The ovenable meal can achieve the cooked internal temperatures of meats, fish etc. in shorter times in comparison to conventional cook times. Surprisingly meats, fish etc. cooked in packages according to the invention are frequently juicier in comparison to conventional oven- or microwave-cooked meals.

Claims

1. An ovenable vacuum skin package for storage and cooking of a food product, comprising a receptacle and a thermoformable composite polymeric film cover heat-sealed thereto, the composite polymeric film cover comprising: wherein

(i) a thermoformable substrate layer comprising a first copolyester material; and

(ii) on a surface of the substrate layer, a heat-sealable layer comprising a second copolyester material, the second copolyester material being different from the first copolyester material;

i. the receptacle comprises on a surface thereof a sealing region adapted to contact and form a seal with the heat-sealable layer; and

ii. both the receptacle and the cover film comply with the requirements of paragraph h(1) of 21 CFR §177.1630.

2. The ovenable vacuum skin package according to claim 1, wherein the thermoformable substrate layer and the heat-sealable layer are co-extruded film layers.

3. The ovenable vacuum skin package according to claim 1, wherein the thermoformable substrate layer and the heat-sealable layer are produced by extrusion coating.

4. The ovenable vacuum skin package according to claim 1, wherein the thermoformable substrate layer and the heat-sealable layer are produced by solution coating.

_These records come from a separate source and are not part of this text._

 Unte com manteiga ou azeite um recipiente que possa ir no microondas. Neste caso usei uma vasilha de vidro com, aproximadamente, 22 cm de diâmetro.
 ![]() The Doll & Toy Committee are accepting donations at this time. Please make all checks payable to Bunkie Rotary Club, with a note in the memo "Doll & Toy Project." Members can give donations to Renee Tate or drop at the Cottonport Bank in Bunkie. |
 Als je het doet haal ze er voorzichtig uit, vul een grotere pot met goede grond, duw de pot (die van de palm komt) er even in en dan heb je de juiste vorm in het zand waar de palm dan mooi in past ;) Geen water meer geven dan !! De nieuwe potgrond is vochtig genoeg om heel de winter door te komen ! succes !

5. The ovenable vacuum skin package according to claim 1, wherein the thermoformable substrate layer includes a wax.

6. The ovenable vacuum skin package according to claim 1, further comprising at least one additional layer coated on a surface of the substrate layer.

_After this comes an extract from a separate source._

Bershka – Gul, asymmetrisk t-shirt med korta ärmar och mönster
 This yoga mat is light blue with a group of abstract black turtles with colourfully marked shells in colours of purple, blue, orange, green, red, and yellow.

7. The ovenable vacuum skin package according to claim 1, wherein the at least one additional layer is a printed layer.

8. The ovenable vacuum skin package according to claim 1, further comprising at least one layer that improves the printing or barrier characteristics of the thermoformable composite polymeric film cover.

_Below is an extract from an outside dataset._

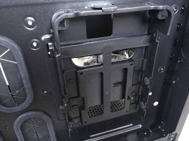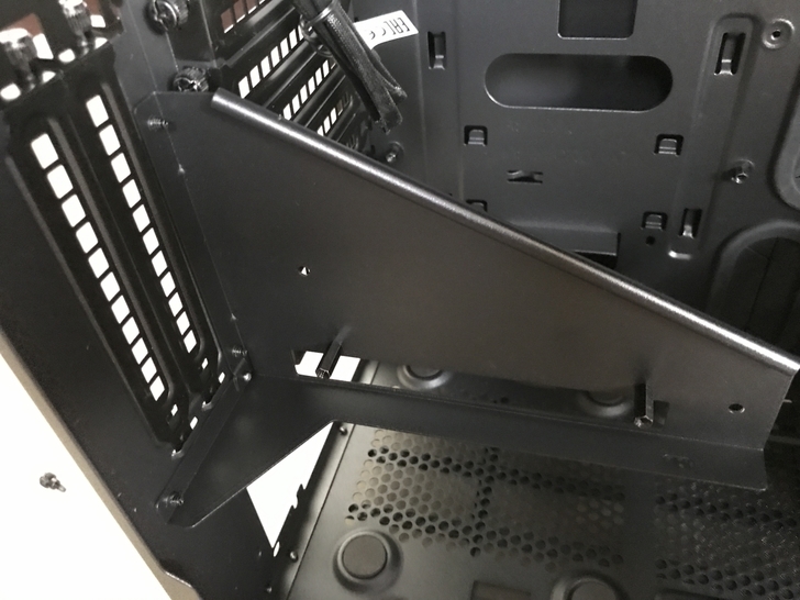 且原本以為多這個架子後,安間會變得擁擠許多,但其實不會,因為右邊的5.25與 3.5安裝槽都有簡化過,所以其實在安裝主機板時反而沒那麼卡,加上這塊轉接架只要三顆螺絲就可以拆下來根本不用擔心,這設計真的有用心!

9. The ovenable vacuum skin package according to claim 1, further comprising at least one protective layer and at least one gloss-improving layer.

10. The ovenable vacuum skin package according to claim 1, wherein the sealing region comprises a substantially flat flange.

11. The ovenable vacuum skin package according to claim 1, wherein the formed seal is stable at a temperature of about 30° F. (−1° C.) and remains stable when exposed to a temperature of at least about 400° F. (204° C.) for at least two hours.

12. An ovenable vacuum skin packaged sealed container comprising a receptacle containing a food product and a lid heat-sealed to the receptacle, said lid formed from a composite film that comprises wherein

(i) a thermoformable substrate layer comprising a first copolyester material; and

(ii) on a surface of the substrate layer, a heat-sealable layer comprising a second copolyester material, the second copolyester material being different from the first copolyester material;

i. the receptacle comprises on a surface thereof a sealing region adapted to contact and form a seal with the heat-sealable layer of the lid; and

ii. both the receptacle and the lid comply with the requirements of paragraph h(1) of 21 CFR §177.1630.

13. The ovenable vacuum skin packaged sealed container according to claim 12, wherein the composite film further comprises a barrier layer.

14. The ovenable vacuum skin packaged sealed container according to claim 12, wherein the food product is an ovenable meal.